- [Task item]
Set down the entries again word for word, without any of the images.

- - - - -

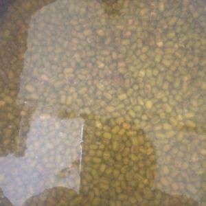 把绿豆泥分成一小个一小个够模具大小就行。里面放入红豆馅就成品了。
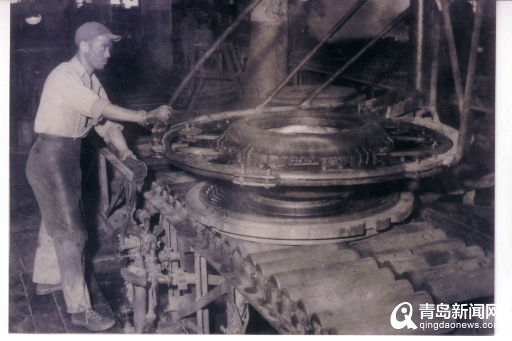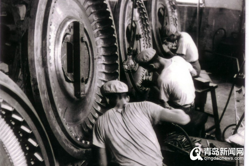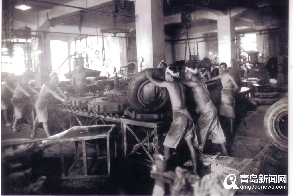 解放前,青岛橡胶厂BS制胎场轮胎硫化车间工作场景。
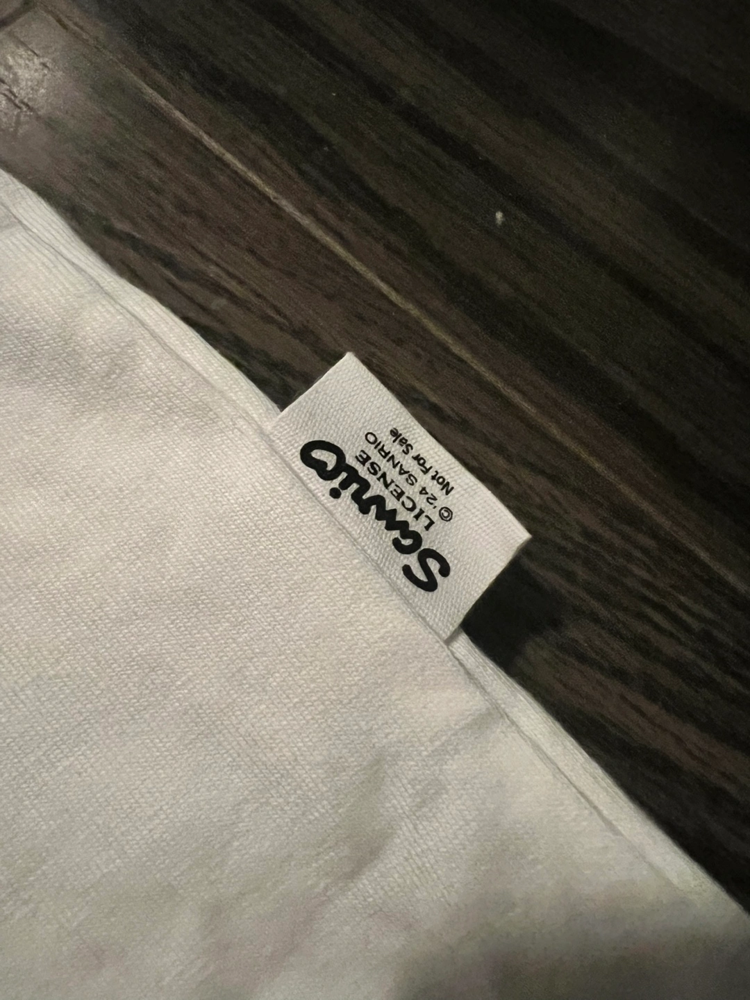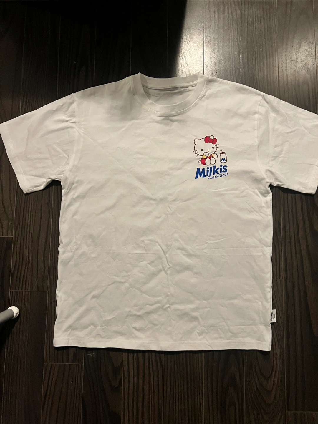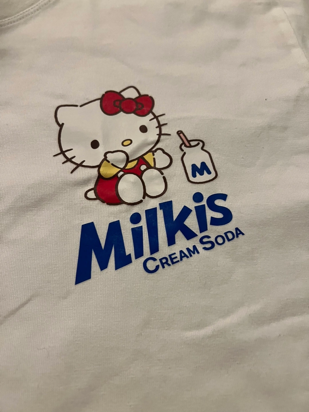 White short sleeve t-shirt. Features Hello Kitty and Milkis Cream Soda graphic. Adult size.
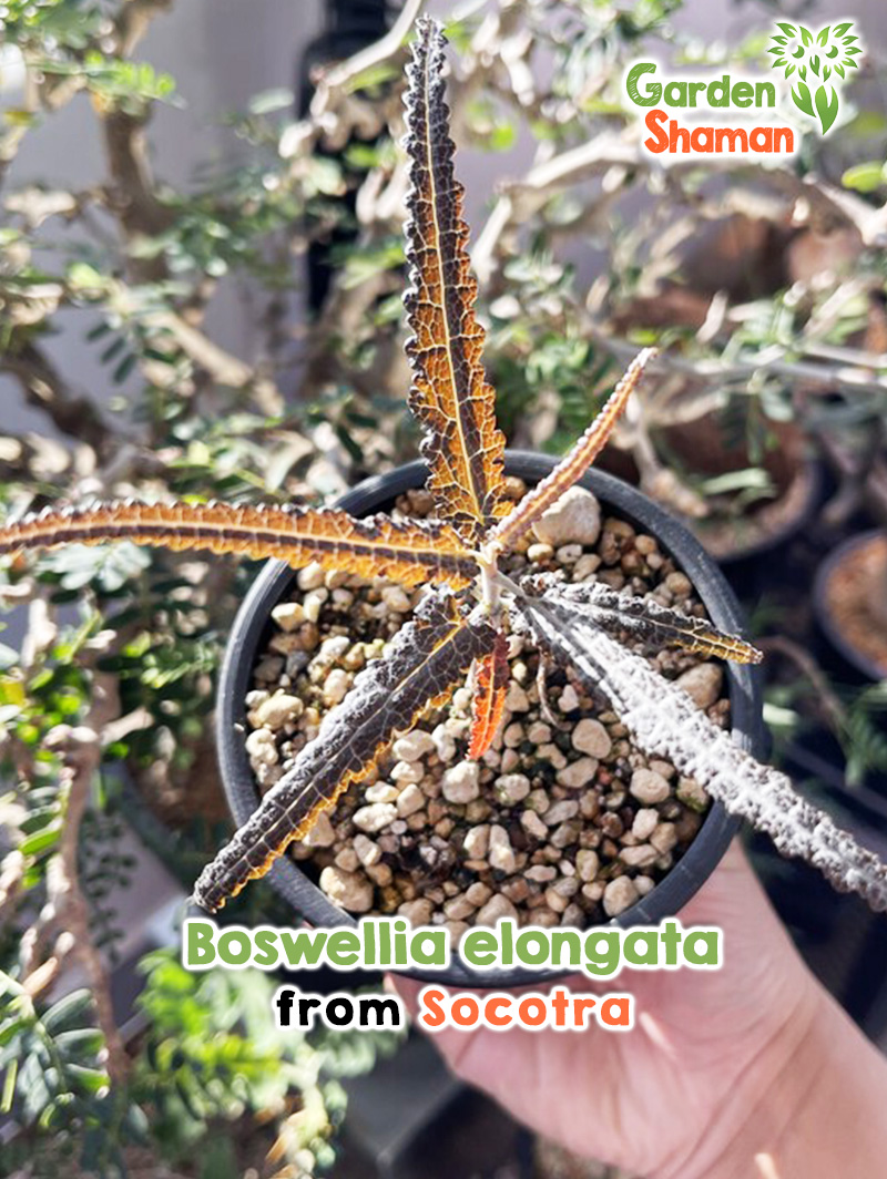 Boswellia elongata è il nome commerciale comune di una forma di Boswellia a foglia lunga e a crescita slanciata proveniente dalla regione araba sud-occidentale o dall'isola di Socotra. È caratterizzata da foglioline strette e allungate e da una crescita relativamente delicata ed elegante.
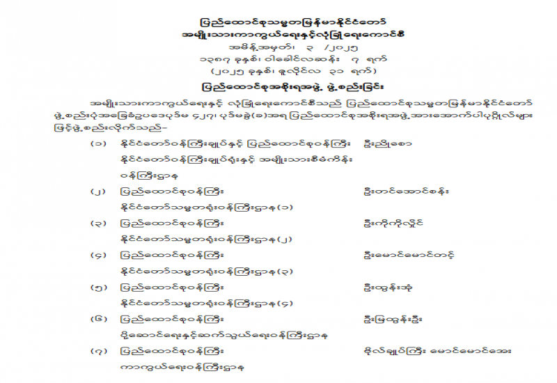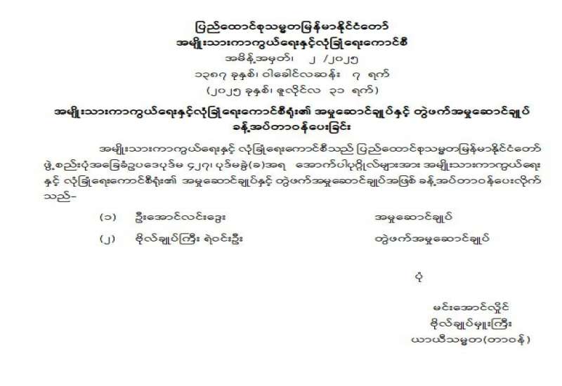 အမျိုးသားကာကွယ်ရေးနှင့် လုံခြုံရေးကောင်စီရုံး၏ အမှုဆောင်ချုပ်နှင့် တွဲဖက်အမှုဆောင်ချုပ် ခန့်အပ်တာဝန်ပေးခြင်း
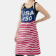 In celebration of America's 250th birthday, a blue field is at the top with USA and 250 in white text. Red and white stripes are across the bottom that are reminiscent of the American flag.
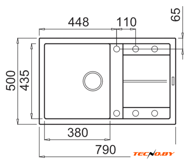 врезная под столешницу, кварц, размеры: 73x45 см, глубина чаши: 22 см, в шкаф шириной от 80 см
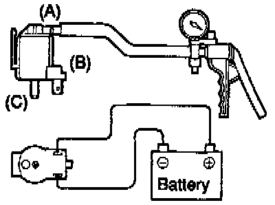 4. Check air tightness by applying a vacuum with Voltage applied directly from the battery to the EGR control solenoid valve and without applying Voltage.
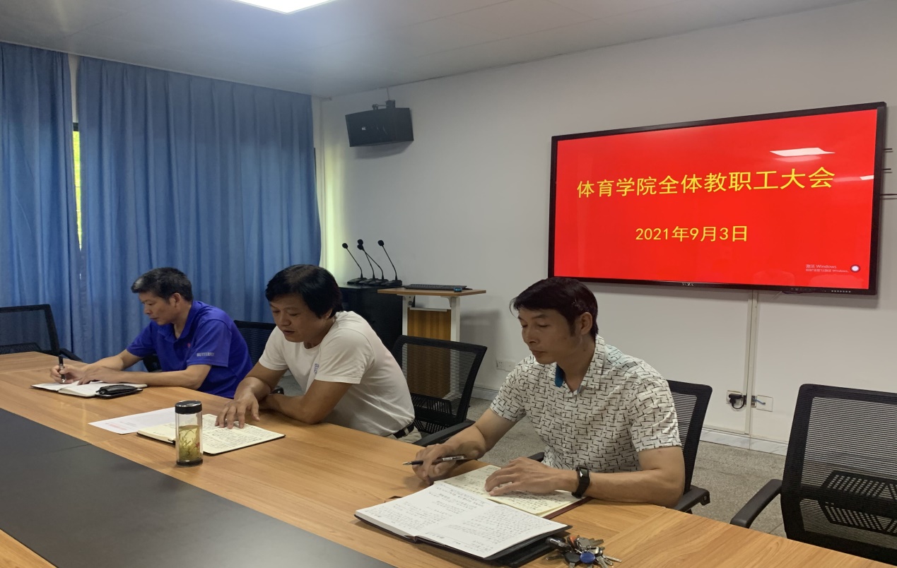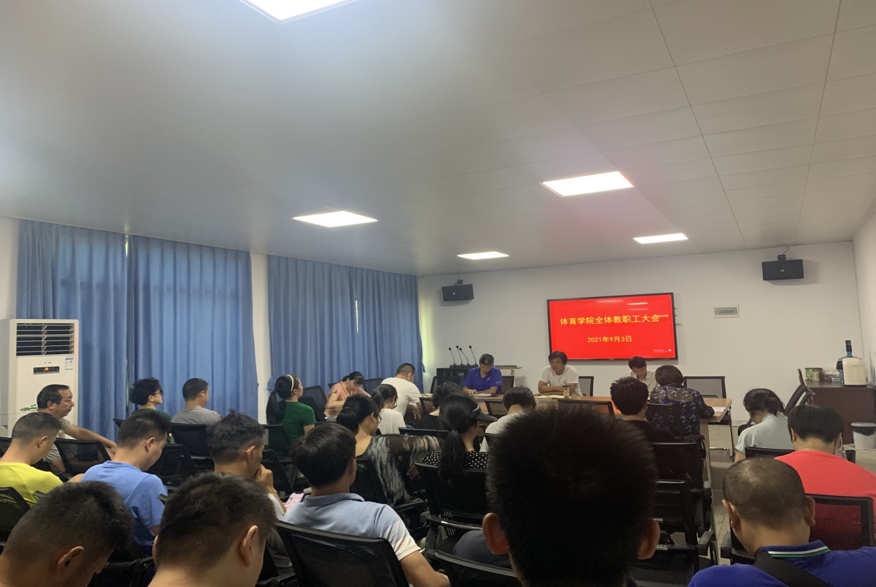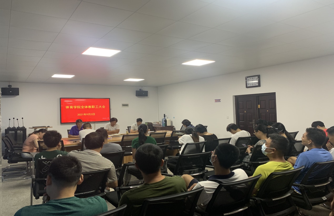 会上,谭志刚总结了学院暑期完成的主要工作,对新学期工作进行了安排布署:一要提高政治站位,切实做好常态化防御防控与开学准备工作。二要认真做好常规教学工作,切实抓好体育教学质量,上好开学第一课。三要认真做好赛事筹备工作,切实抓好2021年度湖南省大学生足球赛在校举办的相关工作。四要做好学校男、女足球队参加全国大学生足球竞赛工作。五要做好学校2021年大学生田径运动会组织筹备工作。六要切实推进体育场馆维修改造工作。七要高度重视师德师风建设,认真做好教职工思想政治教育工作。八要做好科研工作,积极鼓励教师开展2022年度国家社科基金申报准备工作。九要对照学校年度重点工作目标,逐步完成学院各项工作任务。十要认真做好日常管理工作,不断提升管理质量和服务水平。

- - - - -

- [Result of the exercise]
 把绿豆泥分成一小个一小个够模具大小就行。里面放入红豆馅就成品了。
 解放前,青岛橡胶厂BS制胎场轮胎硫化车间工作场景。
 White short sleeve t-shirt. Features Hello Kitty and Milkis Cream Soda graphic. Adult size.
 Boswellia elongata è il nome commerciale comune di una forma di Boswellia a foglia lunga e a crescita slanciata proveniente dalla regione araba sud-occidentale o dall'isola di Socotra. È caratterizzata da foglioline strette e allungate e da una crescita relativamente delicata ed elegante.
 အမျိုးသားကာကွယ်ရေးနှင့် လုံခြုံရေးကောင်စီရုံး၏ အမှုဆောင်ချုပ်နှင့် တွဲဖက်အမှုဆောင်ချုပ် ခန့်အပ်တာဝန်ပေးခြင်း
 In celebration of America's 250th birthday, a blue field is at the top with USA and 250 in white text. Red and white stripes are across the bottom that are reminiscent of the American flag.
 врезная под столешницу, кварц, размеры: 73x45 см, глубина чаши: 22 см, в шкаф шириной от 80 см
 4. Check air tightness by applying a vacuum with Voltage applied directly from the battery to the EGR control solenoid valve and without applying Voltage.
 会上,谭志刚总结了学院暑期完成的主要工作,对新学期工作进行了安排布署:一要提高政治站位,切实做好常态化防御防控与开学准备工作。二要认真做好常规教学工作,切实抓好体育教学质量,上好开学第一课。三要认真做好赛事筹备工作,切实抓好2021年度湖南省大学生足球赛在校举办的相关工作。四要做好学校男、女足球队参加全国大学生足球竞赛工作。五要做好学校2021年大学生田径运动会组织筹备工作。六要切实推进体育场馆维修改造工作。七要高度重视师德师风建设,认真做好教职工思想政治教育工作。八要做好科研工作,积极鼓励教师开展2022年度国家社科基金申报准备工作。九要对照学校年度重点工作目标,逐步完成学院各项工作任务。十要认真做好日常管理工作,不断提升管理质量和服务水平。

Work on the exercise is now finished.